- [MATERIAL PROVIDED]

------------------------------------

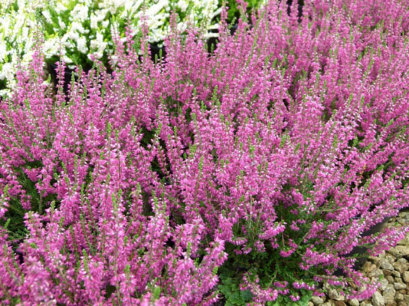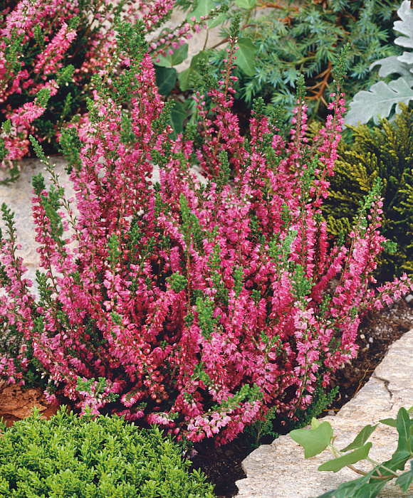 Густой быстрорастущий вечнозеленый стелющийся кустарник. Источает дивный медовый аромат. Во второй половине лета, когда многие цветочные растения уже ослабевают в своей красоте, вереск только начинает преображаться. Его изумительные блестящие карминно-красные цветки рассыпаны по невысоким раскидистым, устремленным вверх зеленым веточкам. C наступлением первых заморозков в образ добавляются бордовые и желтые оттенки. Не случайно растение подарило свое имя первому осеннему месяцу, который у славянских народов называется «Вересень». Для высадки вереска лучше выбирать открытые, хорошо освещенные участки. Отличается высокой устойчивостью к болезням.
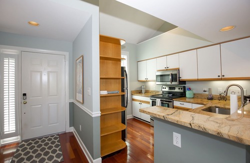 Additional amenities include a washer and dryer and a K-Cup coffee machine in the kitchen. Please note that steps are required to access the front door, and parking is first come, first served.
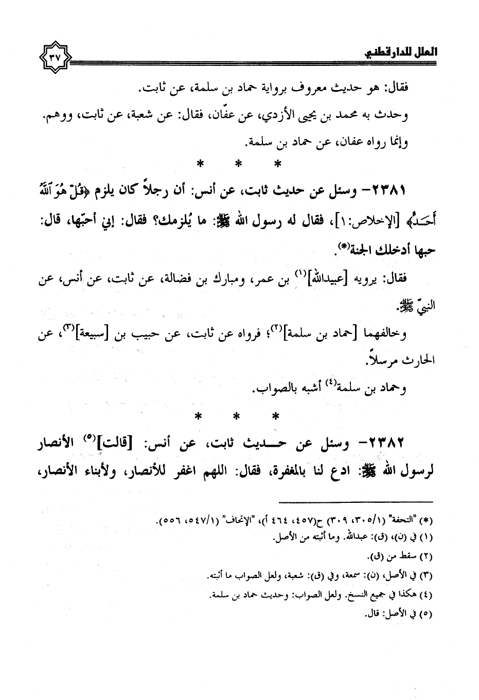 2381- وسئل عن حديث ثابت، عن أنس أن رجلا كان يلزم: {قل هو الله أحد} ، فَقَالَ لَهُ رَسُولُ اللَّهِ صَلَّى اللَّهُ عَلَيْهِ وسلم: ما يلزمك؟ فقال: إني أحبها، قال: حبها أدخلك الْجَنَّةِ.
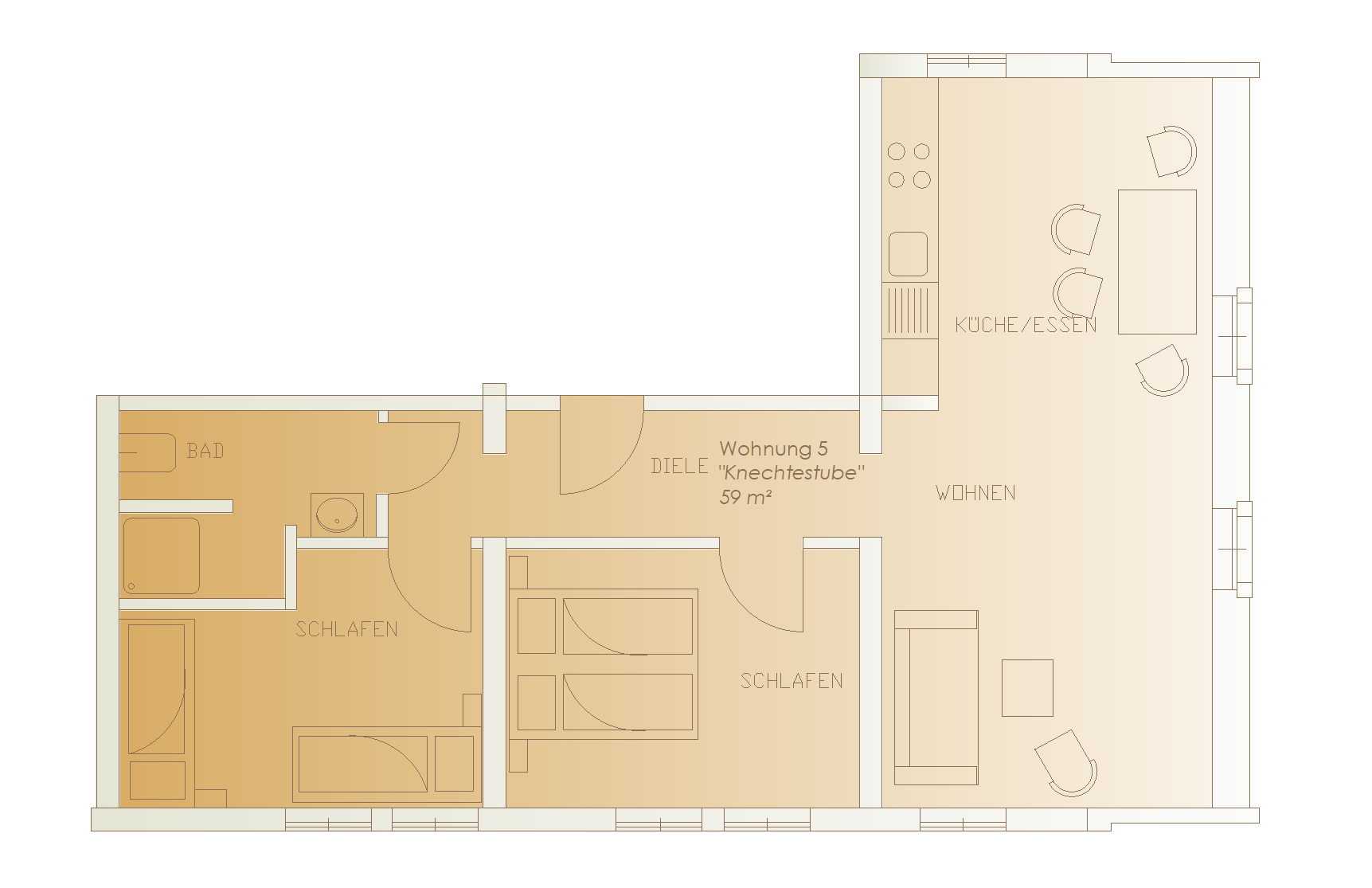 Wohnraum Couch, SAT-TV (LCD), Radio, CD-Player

------------------------------------

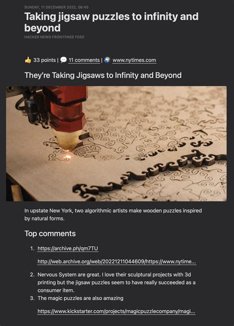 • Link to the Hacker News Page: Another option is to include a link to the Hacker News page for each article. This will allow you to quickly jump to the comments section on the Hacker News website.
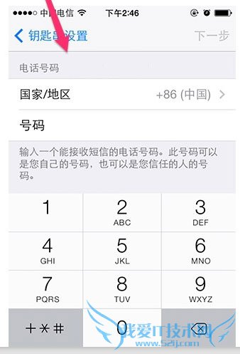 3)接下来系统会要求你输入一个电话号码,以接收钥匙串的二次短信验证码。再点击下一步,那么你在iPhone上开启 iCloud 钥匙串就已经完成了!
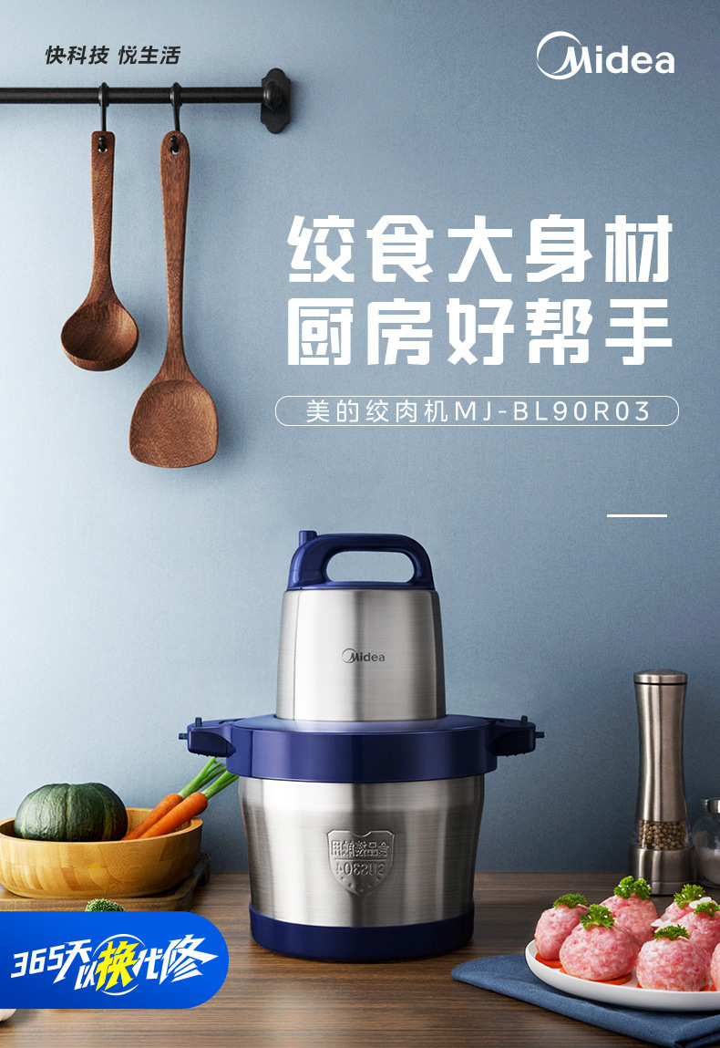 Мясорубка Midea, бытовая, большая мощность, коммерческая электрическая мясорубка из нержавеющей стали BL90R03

------------------------------------

- [TASK] What are the lines in the records above, word for word, from the one containing "Additional amenities include" through the one containing "Wohnraum Couch, SAT-TV", both ends included and pictures left out?

- [TASK SOLUTION]
 Additional amenities include a washer and dryer and a K-Cup coffee machine in the kitchen. Please note that steps are required to access the front door, and parking is first come, first served.
 2381- وسئل عن حديث ثابت، عن أنس أن رجلا كان يلزم: {قل هو الله أحد} ، فَقَالَ لَهُ رَسُولُ اللَّهِ صَلَّى اللَّهُ عَلَيْهِ وسلم: ما يلزمك؟ فقال: إني أحبها، قال: حبها أدخلك الْجَنَّةِ.
 Wohnraum Couch, SAT-TV (LCD), Radio, CD-Player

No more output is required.